Start of SUPPLIED INFORMATION

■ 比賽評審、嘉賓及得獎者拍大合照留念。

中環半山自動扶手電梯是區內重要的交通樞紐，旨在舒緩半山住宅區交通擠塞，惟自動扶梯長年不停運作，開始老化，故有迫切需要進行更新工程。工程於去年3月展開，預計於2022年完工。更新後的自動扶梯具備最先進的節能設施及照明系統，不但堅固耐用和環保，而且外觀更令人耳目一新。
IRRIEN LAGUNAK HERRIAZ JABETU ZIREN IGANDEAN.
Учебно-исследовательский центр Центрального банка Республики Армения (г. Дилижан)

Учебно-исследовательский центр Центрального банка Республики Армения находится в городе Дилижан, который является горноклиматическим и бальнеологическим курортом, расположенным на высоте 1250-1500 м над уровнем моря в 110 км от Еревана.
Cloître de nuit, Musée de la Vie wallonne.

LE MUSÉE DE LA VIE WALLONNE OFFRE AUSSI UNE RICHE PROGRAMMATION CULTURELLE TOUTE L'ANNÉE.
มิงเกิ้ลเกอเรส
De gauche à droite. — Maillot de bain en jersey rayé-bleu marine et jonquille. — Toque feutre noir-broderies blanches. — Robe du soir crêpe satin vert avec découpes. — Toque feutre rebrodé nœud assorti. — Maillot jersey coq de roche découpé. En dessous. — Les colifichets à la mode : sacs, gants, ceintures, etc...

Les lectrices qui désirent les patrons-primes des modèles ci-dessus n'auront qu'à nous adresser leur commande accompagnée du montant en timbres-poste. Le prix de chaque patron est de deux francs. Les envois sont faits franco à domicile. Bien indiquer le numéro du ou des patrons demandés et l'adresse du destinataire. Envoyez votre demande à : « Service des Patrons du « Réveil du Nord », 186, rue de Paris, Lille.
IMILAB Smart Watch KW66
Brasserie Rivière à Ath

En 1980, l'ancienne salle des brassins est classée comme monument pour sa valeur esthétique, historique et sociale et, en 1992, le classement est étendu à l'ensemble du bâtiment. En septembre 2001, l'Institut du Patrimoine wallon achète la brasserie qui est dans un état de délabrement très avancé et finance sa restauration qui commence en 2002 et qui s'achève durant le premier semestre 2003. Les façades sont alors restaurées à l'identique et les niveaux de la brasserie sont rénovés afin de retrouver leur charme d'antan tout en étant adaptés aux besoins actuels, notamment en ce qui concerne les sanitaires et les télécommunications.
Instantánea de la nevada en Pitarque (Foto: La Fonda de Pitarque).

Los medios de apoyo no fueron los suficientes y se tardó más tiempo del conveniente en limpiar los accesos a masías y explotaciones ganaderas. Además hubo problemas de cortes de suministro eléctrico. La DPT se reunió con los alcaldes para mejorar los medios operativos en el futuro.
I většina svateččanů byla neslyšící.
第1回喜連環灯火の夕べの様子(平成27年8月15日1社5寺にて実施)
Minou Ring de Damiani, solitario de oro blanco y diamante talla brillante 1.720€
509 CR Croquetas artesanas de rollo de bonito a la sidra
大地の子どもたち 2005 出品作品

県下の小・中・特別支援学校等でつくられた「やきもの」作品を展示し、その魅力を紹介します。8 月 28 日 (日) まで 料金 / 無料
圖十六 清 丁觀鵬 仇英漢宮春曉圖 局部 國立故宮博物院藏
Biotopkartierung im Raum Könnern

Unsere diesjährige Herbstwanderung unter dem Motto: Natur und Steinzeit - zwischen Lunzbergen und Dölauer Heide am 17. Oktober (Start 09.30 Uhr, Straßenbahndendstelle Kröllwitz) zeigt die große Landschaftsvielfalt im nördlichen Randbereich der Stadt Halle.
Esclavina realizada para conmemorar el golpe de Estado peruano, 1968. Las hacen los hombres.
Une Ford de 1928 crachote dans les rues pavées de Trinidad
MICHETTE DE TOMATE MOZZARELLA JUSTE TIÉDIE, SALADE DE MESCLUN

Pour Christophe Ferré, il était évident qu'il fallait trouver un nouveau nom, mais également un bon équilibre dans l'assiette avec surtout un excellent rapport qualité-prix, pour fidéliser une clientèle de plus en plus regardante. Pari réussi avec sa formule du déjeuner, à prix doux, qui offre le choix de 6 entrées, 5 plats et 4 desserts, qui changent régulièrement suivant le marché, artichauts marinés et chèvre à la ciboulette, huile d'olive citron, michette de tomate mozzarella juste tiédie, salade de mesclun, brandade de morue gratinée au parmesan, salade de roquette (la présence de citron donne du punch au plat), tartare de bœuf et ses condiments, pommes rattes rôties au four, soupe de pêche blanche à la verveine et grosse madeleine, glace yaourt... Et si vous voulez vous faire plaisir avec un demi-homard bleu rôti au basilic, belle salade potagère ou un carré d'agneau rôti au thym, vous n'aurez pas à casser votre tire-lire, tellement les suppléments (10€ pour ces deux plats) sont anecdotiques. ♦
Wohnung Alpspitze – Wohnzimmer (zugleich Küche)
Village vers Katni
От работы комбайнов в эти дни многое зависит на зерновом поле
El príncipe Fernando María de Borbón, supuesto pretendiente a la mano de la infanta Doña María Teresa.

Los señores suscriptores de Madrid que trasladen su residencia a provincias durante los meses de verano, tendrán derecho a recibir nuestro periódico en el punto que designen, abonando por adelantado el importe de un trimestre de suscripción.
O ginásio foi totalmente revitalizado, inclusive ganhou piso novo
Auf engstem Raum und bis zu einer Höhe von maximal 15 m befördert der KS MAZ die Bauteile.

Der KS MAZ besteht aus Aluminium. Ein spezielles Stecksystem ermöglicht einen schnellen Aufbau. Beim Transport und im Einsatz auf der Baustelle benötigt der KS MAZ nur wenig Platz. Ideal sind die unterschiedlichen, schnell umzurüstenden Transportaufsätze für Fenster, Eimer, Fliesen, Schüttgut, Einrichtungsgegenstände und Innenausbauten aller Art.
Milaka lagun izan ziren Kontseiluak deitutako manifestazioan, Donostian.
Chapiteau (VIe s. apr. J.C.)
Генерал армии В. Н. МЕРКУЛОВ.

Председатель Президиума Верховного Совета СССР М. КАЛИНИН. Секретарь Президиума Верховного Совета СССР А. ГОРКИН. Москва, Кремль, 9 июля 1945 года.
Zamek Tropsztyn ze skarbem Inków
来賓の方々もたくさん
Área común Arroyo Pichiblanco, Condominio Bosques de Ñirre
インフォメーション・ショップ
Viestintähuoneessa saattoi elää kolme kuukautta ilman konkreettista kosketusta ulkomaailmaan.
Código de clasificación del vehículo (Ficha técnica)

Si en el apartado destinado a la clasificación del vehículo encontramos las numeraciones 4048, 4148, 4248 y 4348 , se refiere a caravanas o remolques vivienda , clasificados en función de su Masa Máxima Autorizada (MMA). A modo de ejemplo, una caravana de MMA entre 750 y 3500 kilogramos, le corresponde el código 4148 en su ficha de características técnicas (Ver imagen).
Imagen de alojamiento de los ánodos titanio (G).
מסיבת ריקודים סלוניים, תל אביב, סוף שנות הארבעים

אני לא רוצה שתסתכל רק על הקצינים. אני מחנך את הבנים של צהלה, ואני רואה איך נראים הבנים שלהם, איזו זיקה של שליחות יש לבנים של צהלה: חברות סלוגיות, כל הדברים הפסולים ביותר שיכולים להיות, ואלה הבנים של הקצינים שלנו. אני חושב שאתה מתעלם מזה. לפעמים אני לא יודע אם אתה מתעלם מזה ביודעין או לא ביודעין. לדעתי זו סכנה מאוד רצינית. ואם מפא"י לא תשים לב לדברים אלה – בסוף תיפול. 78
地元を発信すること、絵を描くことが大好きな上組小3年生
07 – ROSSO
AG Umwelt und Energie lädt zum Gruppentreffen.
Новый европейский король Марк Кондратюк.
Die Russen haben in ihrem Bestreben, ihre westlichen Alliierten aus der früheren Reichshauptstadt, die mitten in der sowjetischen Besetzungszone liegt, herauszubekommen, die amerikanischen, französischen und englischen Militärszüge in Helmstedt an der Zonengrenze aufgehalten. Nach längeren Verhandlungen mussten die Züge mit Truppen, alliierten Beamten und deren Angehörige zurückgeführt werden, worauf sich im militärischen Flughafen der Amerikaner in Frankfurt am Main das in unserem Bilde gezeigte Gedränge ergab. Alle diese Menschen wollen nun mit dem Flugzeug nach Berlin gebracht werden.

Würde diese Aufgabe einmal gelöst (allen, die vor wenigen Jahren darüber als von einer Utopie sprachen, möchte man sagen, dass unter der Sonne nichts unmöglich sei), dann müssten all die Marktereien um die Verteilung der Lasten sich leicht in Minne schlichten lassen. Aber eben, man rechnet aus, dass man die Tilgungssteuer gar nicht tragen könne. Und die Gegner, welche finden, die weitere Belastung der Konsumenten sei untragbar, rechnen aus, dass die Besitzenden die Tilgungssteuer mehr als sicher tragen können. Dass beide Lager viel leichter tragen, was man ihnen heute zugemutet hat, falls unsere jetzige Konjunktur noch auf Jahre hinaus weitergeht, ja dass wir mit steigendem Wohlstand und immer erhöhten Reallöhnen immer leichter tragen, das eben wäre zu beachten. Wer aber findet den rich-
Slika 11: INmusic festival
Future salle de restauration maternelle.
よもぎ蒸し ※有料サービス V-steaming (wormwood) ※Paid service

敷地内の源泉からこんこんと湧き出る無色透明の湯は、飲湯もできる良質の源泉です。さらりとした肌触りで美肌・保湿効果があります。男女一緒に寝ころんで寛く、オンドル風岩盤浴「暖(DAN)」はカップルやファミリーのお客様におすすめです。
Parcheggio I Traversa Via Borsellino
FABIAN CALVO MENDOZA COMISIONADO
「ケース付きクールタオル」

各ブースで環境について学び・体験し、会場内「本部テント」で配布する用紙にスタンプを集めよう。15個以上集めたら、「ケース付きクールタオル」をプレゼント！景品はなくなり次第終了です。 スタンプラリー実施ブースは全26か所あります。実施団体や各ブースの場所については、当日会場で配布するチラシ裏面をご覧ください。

End of SUPPLIED INFORMATION

**YOUR OBJECTIVE**
What is wanted is every line from the first line of the entries through the line that contains "Les lectrices qui", given again exactly.

**FINAL ANSWER**
■ 比賽評審、嘉賓及得獎者拍大合照留念。

中環半山自動扶手電梯是區內重要的交通樞紐，旨在舒緩半山住宅區交通擠塞，惟自動扶梯長年不停運作，開始老化，故有迫切需要進行更新工程。工程於去年3月展開，預計於2022年完工。更新後的自動扶梯具備最先進的節能設施及照明系統，不但堅固耐用和環保，而且外觀更令人耳目一新。
IRRIEN LAGUNAK HERRIAZ JABETU ZIREN IGANDEAN.
Учебно-исследовательский центр Центрального банка Республики Армения (г. Дилижан)

Учебно-исследовательский центр Центрального банка Республики Армения находится в городе Дилижан, который является горноклиматическим и бальнеологическим курортом, расположенным на высоте 1250-1500 м над уровнем моря в 110 км от Еревана.
Cloître de nuit, Musée de la Vie wallonne.

LE MUSÉE DE LA VIE WALLONNE OFFRE AUSSI UNE RICHE PROGRAMMATION CULTURELLE TOUTE L'ANNÉE.
มิงเกิ้ลเกอเรส
De gauche à droite. — Maillot de bain en jersey rayé-bleu marine et jonquille. — Toque feutre noir-broderies blanches. — Robe du soir crêpe satin vert avec découpes. — Toque feutre rebrodé nœud assorti. — Maillot jersey coq de roche découpé. En dessous. — Les colifichets à la mode : sacs, gants, ceintures, etc...

Les lectrices qui désirent les patrons-primes des modèles ci-dessus n'auront qu'à nous adresser leur commande accompagnée du montant en timbres-poste. Le prix de chaque patron est de deux francs. Les envois sont faits franco à domicile. Bien indiquer le numéro du ou des patrons demandés et l'adresse du destinataire. Envoyez votre demande à : « Service des Patrons du « Réveil du Nord », 186, rue de Paris, Lille.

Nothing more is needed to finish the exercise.